De las lecturas del domingo pasado y de mis vivencias actuales.
Dice
en el Libro del profeta Isaías:
“Mis pensamientos no son los
pensamientos de ustedes, sus caminos no son mis caminos, dice el Señor. Porque
así como aventajan los cielos a la tierra, así aventajan mis caminos a los de
ustedes y mis pensamientos a sus pensamientos.
En
el Salmo 144, su autor dice:
El Señor es compasivo y
misericordioso, lento para enojarse y generoso para perdonar. Bueno es el Señor
para con todos y su amor se extiende a todas sus creaturas. Siempre es justo el
Señor en sus designios y están llenas de amor todas sus obras. No está lejos el
Señor de aquellos que lo buscan; muy cerca está el Señor de quien lo invoca.
La
misericordia y bondad de Dios me sobrepasa.
Sean como niños… Observaba hace
un instante la imagen del rostro de un bebé. Mi atención se concentró en sus ojos.
En verdad denotan una gran pureza de corazón. Él es una creatura incapaz de hacerle
daño a nadie, ni pasa tampoco por su corazón ni la envidia, ni los celos, ni el
deseo de poder.
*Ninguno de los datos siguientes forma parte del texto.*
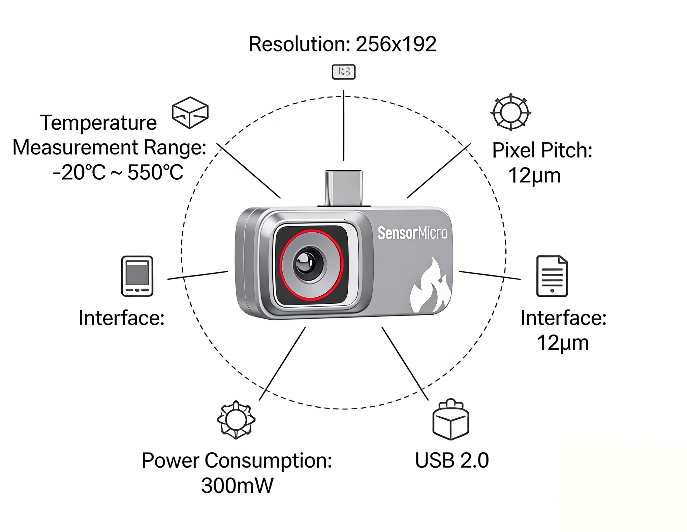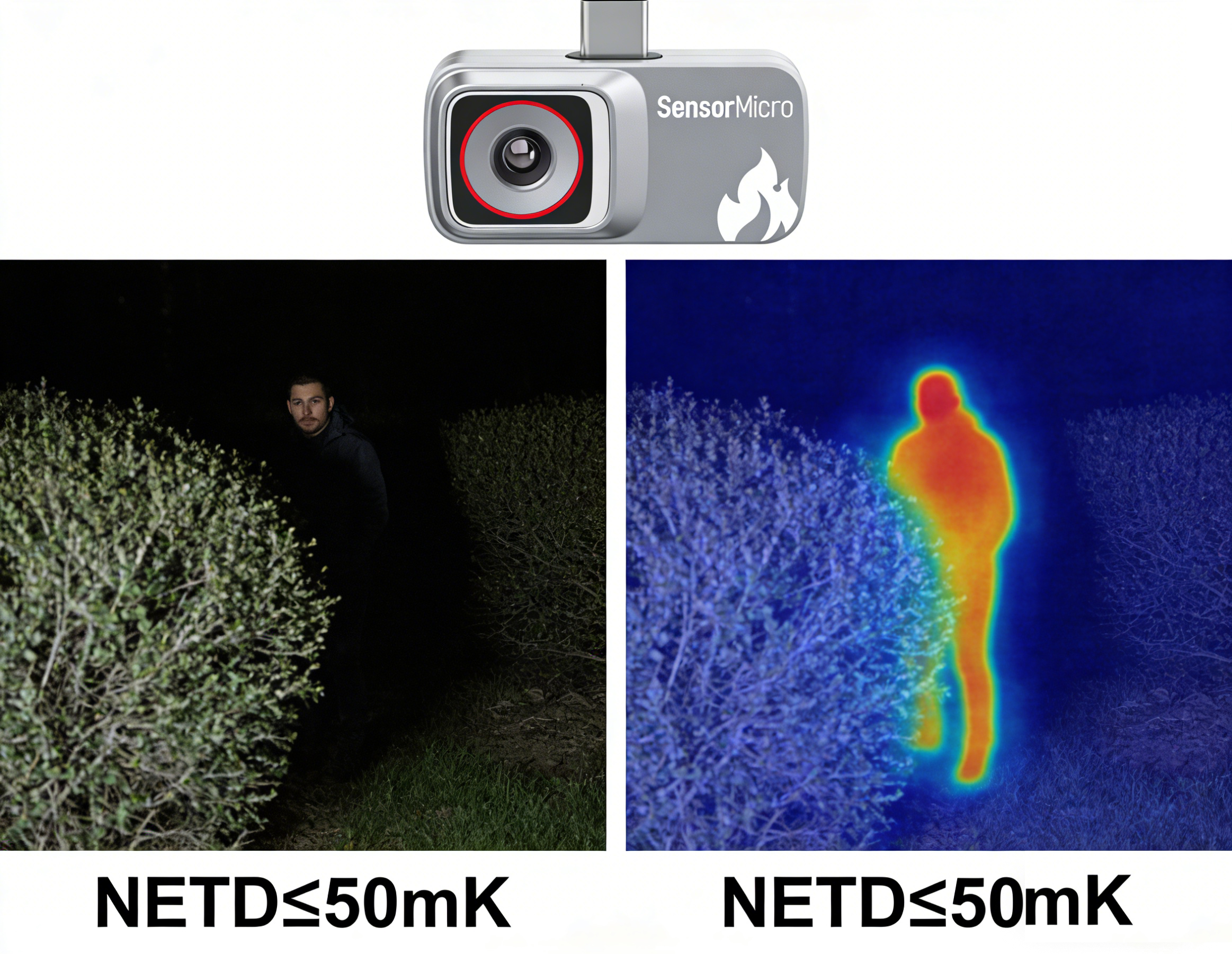 High Performance, Low Power: Features a proprietary detector with an NETD of ≤50mK for crystal-clear imaging; consumes only 300mW of power, making it perfectly suited for portable devices.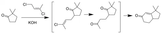 La reacción de Wichterle es una variante de la anulación de Robinson que reemplaza la metil vinil cetona con 1,3-dicloro-cis-2-buteno.[2][3][4]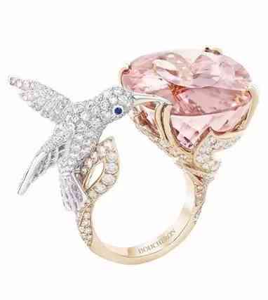 摩根石 ,又名桃色绿柱石,它的英文名是Morganite 。摩根石是粉色至香槟色的绿柱石,和祖母绿、海蓝宝石同族,常被人称作“粉色祖母绿”、“粉色海蓝宝”,但其在中国的知名度远不及前两者。更多人对于摩根石可能有种“处在深闺无人识”的感觉,常被比喻成绿柱石家族的“闺女”。因同时含有铯和铷元素,让摩根石的比重和折射率都高于普通的绿柱石。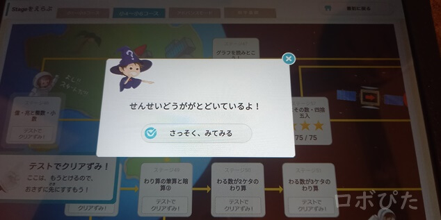 - スモールステップで進めるステージ制(先取り学習可能)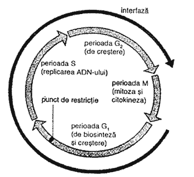 Reproducerea organismului are la baza sa reproducerea celulara. Perioada ce se deruleaza intre doua diviziuni mitotice alcatuieste ciclul celular (din gr. kyklos - cerc). Ciclul celular cuprinde interfaza si diviziunea celulei (fig.1).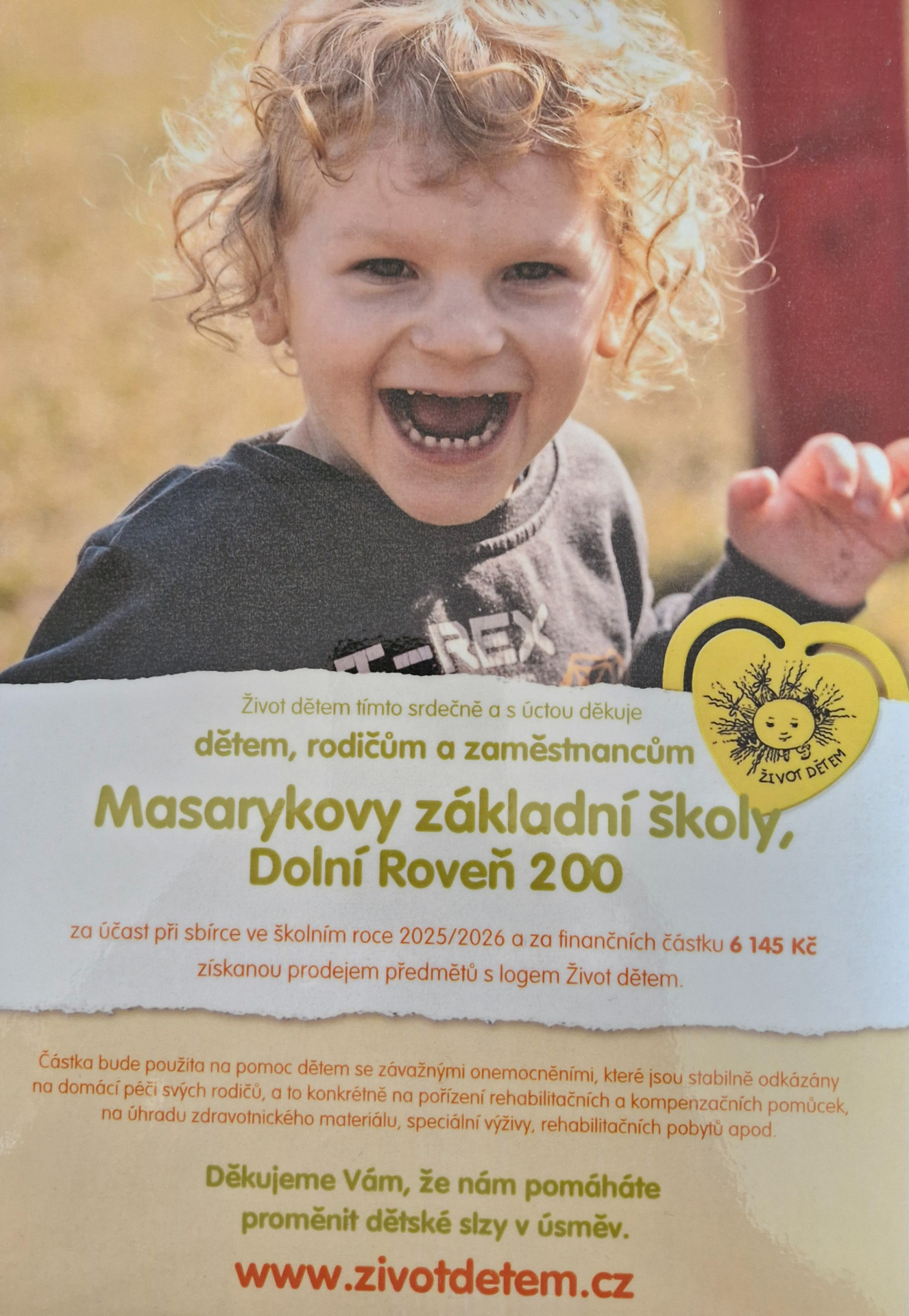 I letos se naše škola zapojila do sbírky organizace Život dětem. Srdečně děkujeme všem, kteří sbírku podpořili!

Ser como ellos… En ese momento, cuando observaba esta imagen, la
presencia de alguien cerca de mí, me contrarió. Entonces me percaté de que esa creatura
no tendría esa reacción que yo tuve. Su mente y corazón no han fomentado ninguna
discordia ni intolerancia hacia los demás. Ese es el estado natural de la mente.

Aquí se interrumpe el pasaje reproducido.